I believe that, especially with a good guide, travel can be transformative and richly experiential…both a political act and a spiritual act. It forces people to grow, to deal with others who see things differently, to get out of their comfort zones, and to grapple with their own ethnocentricity and hang-ups. While people don’t generally sign up for a tour thinking they are investing in the growing pains of a broader perspective, I encourage my guides — like a loving parent who works to broaden a child’s palate — to thoughtfully set up experiences that can pry open a little wider the hometown blinders of an American traveler. Recently, one of our guides (who happens to be an American) shared this fascinating experience relating to health care in France. Here’s her report:
When I’m leading a tour in France, I always give a talk on the French tax, education, and health care systems. When speaking to a tour group — many of whom are relatively well-off, middle-aged Americans — these subjects can be a little controversial…even taboo. But I believe these issues are essential for anyone hoping to understand contemporary French society and culture.
The French pay lots of taxes for social programs. These taxes allow for “free” universal health care (not socialized medicine, but rather a quasi-private system overseen by the government — rated #1 in the world by the World Health Organization) and “free” education through the university level for all French citizens. Of course, health care and education are not free — they are paid for collectively by the entire society through taxes.
The French, in general, believe this is a good system. As is the case with other Europeans, they are not eager to pay high taxes (the French pay about 30 percent income tax, plus about 20 percent sales tax). But they have high expectations for the programs their taxes pay for, and they generally embrace the system. The French see their tax dollars at work each time they go to the doctor of their choosing and pay only a small co-pay (about $20); when they don’t have to worry whether they can afford their cancer treatment; and when they don’t have to ask, “How will I pay for higher education for my child?” No one in France is in debt because they have cancer or because they went to school to become a teacher.
When I explain this to my tour members, I let them know that I don’t think the French system is perfect, and neither do the French. It’s expensive. There is abuse.

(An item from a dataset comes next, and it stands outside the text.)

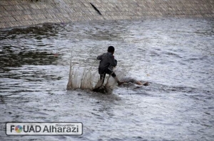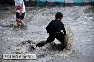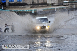 بالصور.. صنعاء تنفض عنها بارود العدوان السعودي وتغتسل بمياه الأمطار المتدفقه
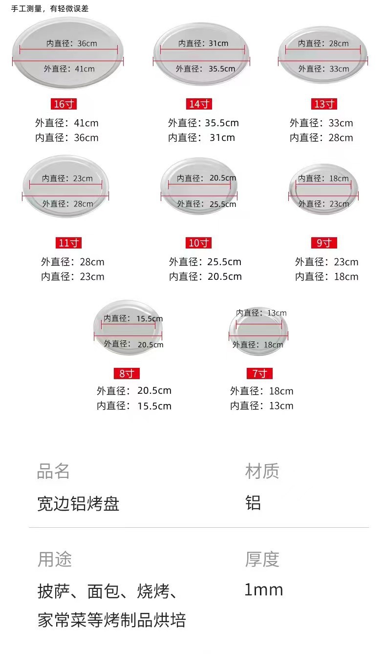 厚い幅のピザ皿アルミ製ピザ皿7-16インチ粘着しないピザ皿焼き円形焼き皿

And some people fall through the cracks. But I believe that when our tax, health care, and education expenses are added together, we Americans end up paying more for less. The French, by their communal nature, prefer the collective approach — life with more taxes and without the economic stress that we treat as normal. I graduated from the University of Washington owing $30,000, and my parents owed even more. My 30-year-old brother, who is self-employed with no insurance, fell off his bike and had to wait more than six hours to be seen in the emergency room. He was billed $7,000 for that visit. My underinsured father had quadruple bypass heart surgery and had to file for bankruptcy because he couldn’t pay his medical bills.
Rick Steves groups are filled with people of all political stripes, but nearly everyone is rational, open-minded, and willing to respect (if not agree with) the opinions of others. But on a recent tour, a few of my tour members were angered that I would “talk positively about socialism” (as they put it). One couple (I’ll call them Jane and John) said they vehemently disagreed with everything I said — not just my opinions, which I could understand, but even the facts and statistics I had cited, and the personal French accounts I’d collected. Jane insisted that no one could be happy living in a system where one is responsible for carrying the weight of their neighbor.
The next morning, when I went down to breakfast, Jane and John weren’t anywhere to be found. Finally
John appeared looking like he’d seen a ghost — like he hadn’t slept all night. Turns out he hadn’t. Jane had suffered a severe medical problem the night before, but she wouldn’t let John come get me to help — she refused to see a doctor in France. I went to see Jane and convinced her to go to the hospital. When we got there, she was seen within two minutes of walking through the door, they were giving her tests within five minutes, and after ten minutes, she felt comfortable enough with the quality of care that she told me I didn’t need to stay.
I went back when it was time for Jane to be discharged. Fortunately, her condition had not caused long-term damage, and with medication she’d be able to return home to follow up with her own doctors. But John was struggling to sort things out with the discharge nurse. I translated the nurse’s explanation that she couldn’t accept their US insurance information — in fact, there was nothing to pay. John turned to me and said, “Do you know how much this overnight stay would cost in the US? This is crazy! Are you sure I don’t have to pay?” Determined to “pay their own way,” John and Jane took out their credit card. After some convincing, I persuaded the nurse to charge them a small “donation” of about $200.
I’m so thankful Jane was able to walk away from the incident. And I also hope that maybe their experience opened their minds a bit. We don’t need to embrace European social ethics. But we should be open to learning about them and respecting people who choose to design caring societies a little differently than ours.